EXERCISE: The lines below from the one with "Acquario Amtra in" up to and including the one with "Win 11 S, Gold" are what you should set down, exactly and without pictures.

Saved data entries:
────────────────────

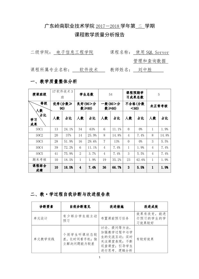 软件技术专业《使用SQL Server管理和查询数据》课程教学诊改案例-课程教学质量分析报告 来源: 发布时间:2018-07-21 09:35:40 浏览次数: 次 【字体:小 大】 分享到: 【打印正文】
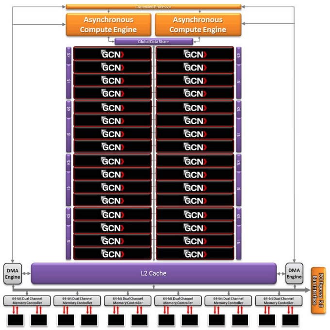 - 32 вычислительных блока GCN, включающих 128 SIMD-ядер, состоящих в целом из 2048 ALU для расчётов с плавающей запятой (целочисленные и плавающие форматы, поддержка точности FP32 и FP64 в рамках стандарта IEEE 754)
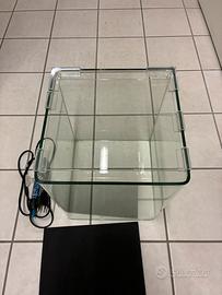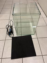 Acquario Amtra in vetro completo di coperchio in vetro, tappetino, riscaldatore e ghiaia fine color sabbia. Misure: 25x25x30 cm Non spedisco, solo ritiro. Prezzo: 35 euro
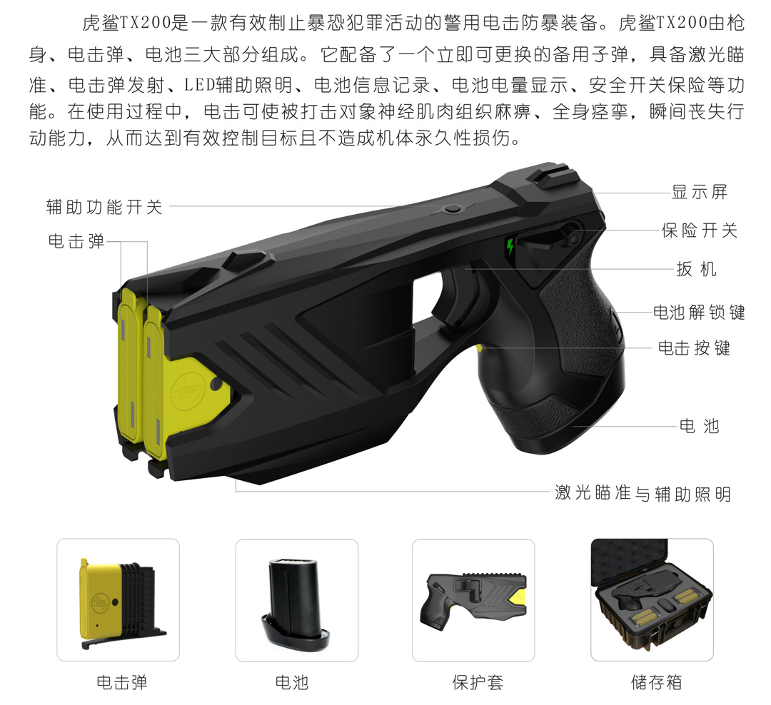 拥有完全知识产权的“虎鲨”TX100,凭借着其独特的瞬间制服能力,在国内执法领域深受一线民警的认可。民盾安全此次倾力研发的“虎鲨”系列新产品,通
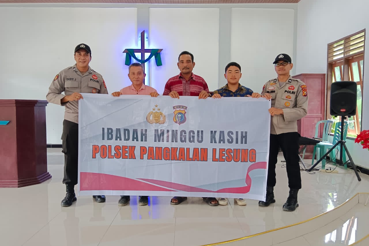 Polsek Pangkalan Lesung menggelar kegiatan Ibadah Minggu Kasih pada Minggu (11/01/2026) bertempat di Gereja Methodis Efrat, Km. 40, Kelurahan Pangkalan Lesung, Kecamatan Pangkalan Lesung. Kegiatan ini dipimpin langsung oleh Kapolsek Pangkalan Lesung, AKP Lambok Hendriko, S.H., beserta anggota.
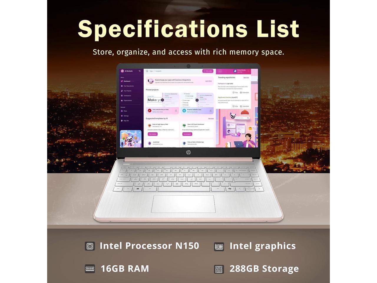 HP Stream 14" HD Anti-Glare Laptop, Intel Processor N150, 16GB RAM, 288GB Storage (128GB SSD+160GB Docking Station Set),1 Year Office 365, Webcam, Wi-Fi 6, Long Battery Life, Copilot, Win 11 S, Gold
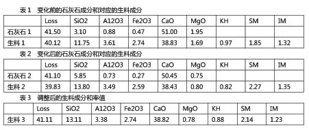某廠生料配比采用鈣鐵控制,控制指標(biāo)是CaO:38.83%、Fe2O3:2.74%,生料目標(biāo)值為KH:0.97;SM:1.85;IM:1.20。原料配比不變,“表1”是變化前的石灰石成分和對應(yīng)的生料成分,“表2”是變化后的石灰石成分和對應(yīng)的生料成分,可見由于石灰石成分變化,生料成分和率值發(fā)生很大變化。根據(jù)氧化鈣和三氧化二鐵的控制指標(biāo)進行原料配比調(diào)整,“表3”是調(diào)整后的生料成分和率值,可見氧化鈣和三氧化二鐵符合控制指標(biāo)要求,生料三率值并不符合目標(biāo)值要求,主要原因是二氧化硅和三氧化二鋁發(fā)生了大幅度的變化。
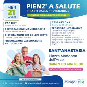 Nella stessa giornata, presso il truck della prevenzione Asl, sarà data la possibilità a tutte le persone straniere e a quelle non in possesso di tessera sanitaria, presenti sul territorio anastasiano, aderire alla campagna vaccinale anti Covid-19.

────────────────────

SOLUTION TO THIS TASK:
 Acquario Amtra in vetro completo di coperchio in vetro, tappetino, riscaldatore e ghiaia fine color sabbia. Misure: 25x25x30 cm Non spedisco, solo ritiro. Prezzo: 35 euro
 拥有完全知识产权的“虎鲨”TX100,凭借着其独特的瞬间制服能力,在国内执法领域深受一线民警的认可。民盾安全此次倾力研发的“虎鲨”系列新产品,通
 Polsek Pangkalan Lesung menggelar kegiatan Ibadah Minggu Kasih pada Minggu (11/01/2026) bertempat di Gereja Methodis Efrat, Km. 40, Kelurahan Pangkalan Lesung, Kecamatan Pangkalan Lesung. Kegiatan ini dipimpin langsung oleh Kapolsek Pangkalan Lesung, AKP Lambok Hendriko, S.H., beserta anggota.
 HP Stream 14" HD Anti-Glare Laptop, Intel Processor N150, 16GB RAM, 288GB Storage (128GB SSD+160GB Docking Station Set),1 Year Office 365, Webcam, Wi-Fi 6, Long Battery Life, Copilot, Win 11 S, Gold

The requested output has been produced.